Khare (2009) defines Hadoop as a framework which is based on Java and is open source. Hadoop is used in running parallel applications of variable size clusters. It was generated by “Doug Cutting”, who is the inventor of Lucence, a searching tool and Nutch, which is believed as web crawler. It is believed that cutting was highly influenced by GFS which is Google File. Hadoop was the project which was used by Yahoo, which was similar to MapReduce, a distributed processing system used by google. However, MapReduce is now the platform which is used by Hadoop outside Google.
Currently, Hadoop is an open source software program which is managed by Apache (White, 2012). There are several other projects which are run by Apache which are open sourced. These projects include Pig, Hive, Cassandra, Avro, HBase, Chukwa, Mahout and Zookeeper. HBase and Cassandra are NOSQL based project. Hadoop is made from two main elements: Hadoop Distributed File System (HDFS), MapReduce (Shafer, 2011). This file system is written in java language and is distributed, scalable and portable.
Hadoop cluster as shown in above figure, is made up of Master node, slave node and a secondary Name node.
Each master node have a single Name node however, there are multiple slave nodes which works as the data nodes. The name node and data node is used as a storage node. Master node have a job tracker and slave node have task tracker which are used as compute node. Name node stores the metadata and keeps the track of files and information where the file is stored.
Data node is used to store and retrieve the data when told by the name node. Secondary name node works as the checkpoint which help name node to work better. TCP/IP model is used for communication in file system however, RPC (Remote Procedure Call) is used by the clients in order to communicate with each other. HDFS is used for data warehousing as well. These could have large data set which can be up to few gigabytes or terabytes, which are stored across several machines.
The HDFS duplicate its data on multiple host by dividing its data into small chunks providing the feature of reliability. The each part of data is stored onto three different machine by default, two on same rack and one on different. The processing of data requires less time as the parallel processing takes place. The HDFS can scale to unlimited storage by adding new cluster at any time.

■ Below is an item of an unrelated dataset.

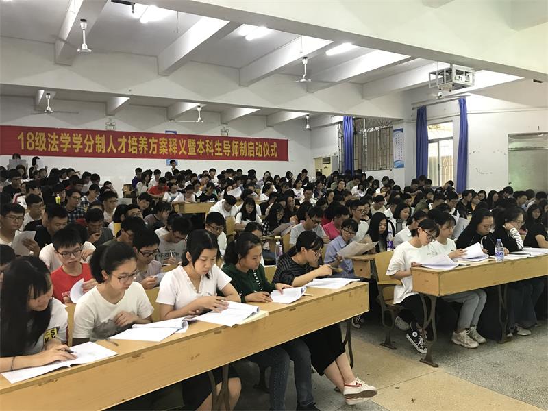10月14日上午由法学系主任万宗瓒博士后主讲的18级法学学分制人才培养方案释义暨本科生导师制启动仪式于海滨校区电教楼101室举行,法学专业2018级252名同学参加。

The working of Hadoop can be showed by the diagram below:
Dean (2007) explains MapReduce as a programming model which is used to process and generate large data sets. MapReduce by its name that it have two jobs i.e. Map job and Reduce job. The map job takes a set of data as input, and then convert the data into another form where the data is broken into smaller tuples in the form of key/ value pairs. The job of reduce is to take the output of map job as an input and combines the tuples. In every case, the Reduce job is held after the Map job is finished.